High on Uncertainty: ADA Accommodation and Hemp-Derived Substances After Anderson v. Diamondback Investment Group, LLC
Emma Lyles
In Anderson v. Diamondback Investment Group, LLC, the United States Court of Appeals for the Fourth Circuit was confronted with a collision of federal disability law, state employment protections, and the rapidly evolving hemp industry. The court affirmed summary judgment for the employer, holding that Tonya Anderson failed to establish disability status under the Americans with Disabilities Act (“ADA”) and could not prove the legality of the hemp-derived products she consumed. Yet in doing so, the court issued a series of first-impression holdings that reach far beyond the facts of the case—defining “lawful products” under North Carolina law, construing the 2018 Farm Bill’s hemp provisions, and determining that THCO was not an illegal synthetic cannabinoid.

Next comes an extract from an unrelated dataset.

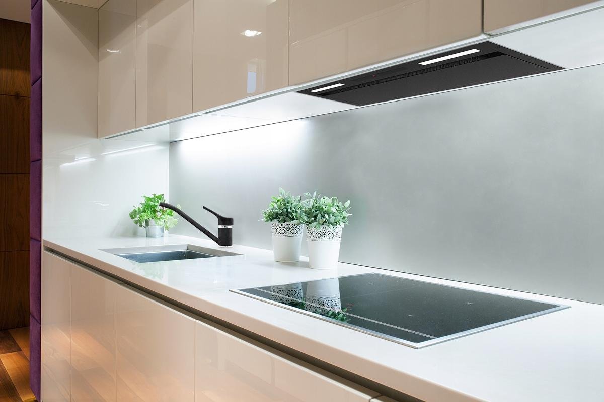 Aluminiowe elementy filtracyjne okapów, estetycznie ukryte pod dekoracyjną pokrywą. Na powierzchni okapu tworzy się dzięki nim szczelina, poprzez którą opary zasysane są w miejsca gwarantujące ich skuteczne usuwanie.

This Note argues that the Fourth Circuit overreached, both doctrinally and institutionally. The court’s majority opinion reflects the interpretive uncertainty created by the Supreme Court’s decision in Loper Bright Enterprises v. Raimondo, which eliminated Chevron deference and allowed federal courts to resolve complex scientific and economic issues without agency guidance. As analyzed, the decision misapplied ADA precedent by imposing an evidentiary burden inconsistent with the statute’s remedial purpose and with Supreme Court holdings that reject paternalistic safety rationales for workplace exclusion. Furthermore, the court’s expansive reading of “hemp-derived” substances may spur regulatory fragmentation, consumer risk, and inconsistent treatment of workers and employers in various jurisdictions. The court should have exercised judicial restraint— limiting its holding to the employment issues before it and expressly calling for congressional or administrative clarification—rather than substituting judicial inference for scientific expertise.
Ultimately, Anderson illustrates the growing tension between textualism and technical expertise in post-Chevron jurisprudence. By resolving a complex question of chemical synthesis and statutory meaning without evidentiary support or institutional deference, the Fourth Circuit blurred the boundaries between interpretation and regulation. This Note urges a more balanced approach—one that preserves judicial fidelity to statutory text while recognizing the limits of judicial competence in scientifically specialized areas.